At the same time, the presence of London has certainly contributed to the total inability of the EU to develop a foreign policy which deviates from that of Washington. Britain supported the enlargement to the East which has made the EU more politically disunited than ever and has been the strongest supporter of the paranoid Russophobia of Poland and the Baltic States which pushes other European countries into a dangerous conflict with Russia that is contrary to their own interests.
Not that Britain is responsible for everything that is wrong with the European Union today. A major mistake was made by French President François Mitterrand in the 1980s when he insisted on a “common European currency” under the illusion that this would help France contain Germany – when it turned out not only to do the contrary but to ruin Greece and cause ravages in Portugal, Spain and Italy.
And there are plenty of other mistakes that have been made, such as Angela Merkel’s invitation to come to Europe, ostensibly addressed to Syrian war refugees but understood by millions of unfortunates in the Middle East and Africa as meant for themselves.

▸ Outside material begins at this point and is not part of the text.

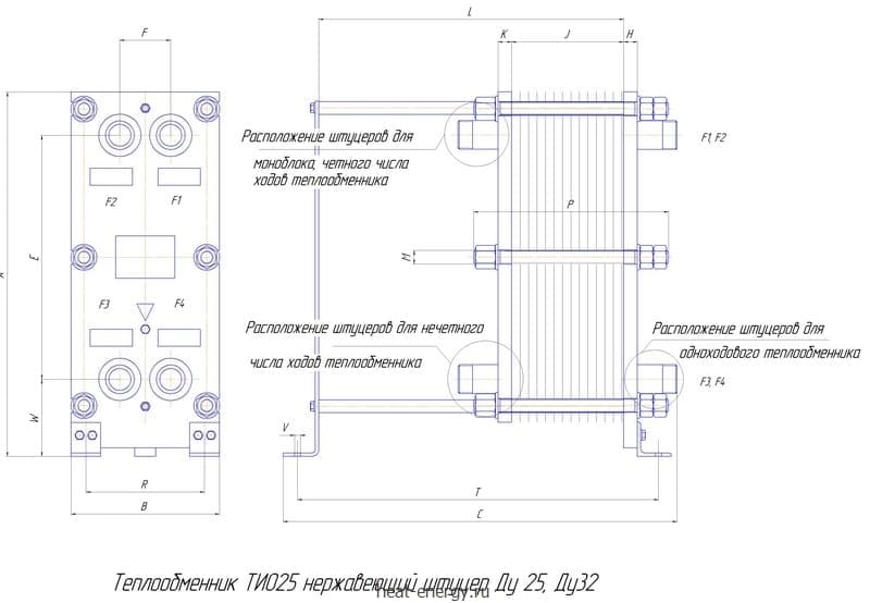 Теплообменник Термоблок ТИ025 Ду32 — это пластинчатый разборный теплообменник Теплохит. Передача тепла происходит через тонкостенные гофрированные пластины, уплотненные специальными резиновыми прокладками. Поток жидкости или газа, проходя через пластины, испытывает многочисленные изменения направления и скорости, что обеспечивает турбулентное движение и высокую эффективность теплообмена. Имеет широкую гамму подключения подтрубков: Ду20, Ду25, Ду32, Ду40. Конструкция пластины позволяет формировать 12 разновидностей каналов для прохода различных жидкостей, что позволяет изменять гидравлическое сопротивление и теплопередачу, при этом сопротивление греющей и нагревающей жидкости может быть разное. Особая конструкция клипа надежно закрепляет уплотнение на пластину, тем самым исключает обрыв при монтаже пластины. Области применения пластинчатых теплообменников серии ТИ: нагрев теплоносителя в системах отопления, горячего водоснабжения, вентиляции и других технологических теплообменных процессах; охлаждение трансформаторного, гидравлического и моторного масел; теплоснабжение домов коттеджного типа; горячее водоснабжение душевых сеток на производстве; в системах напольного отопления; теплоснабжение высотных домов; теплоснабжение небольших районов; в системах приточной вентиляции; нагрев воды в плавательных бассейнах; нагрев или охлаждение жидкостей в пищевой промышленности; и других технологических теплообменных процессах.

And certainly, there were and are a minority of Englishmen and women who sincerely identify with Europe and want to feel part of it. But they are a minority. England has for too many centuries cherished and celebrated its uniqueness for that to be erased by complex impersonal institutions.
As England returns to the uncertainties of the open sea, it leaves behind a European Union that is bureaucratically governed to serve the interests of financial capital. Member States, such as Macron’s France, are governed according to EU decrees against the will of their people. British membership contributed to this denial of democracy, but paradoxically, the British people themselves are the first to reject it and demand a return to full national sovereignty.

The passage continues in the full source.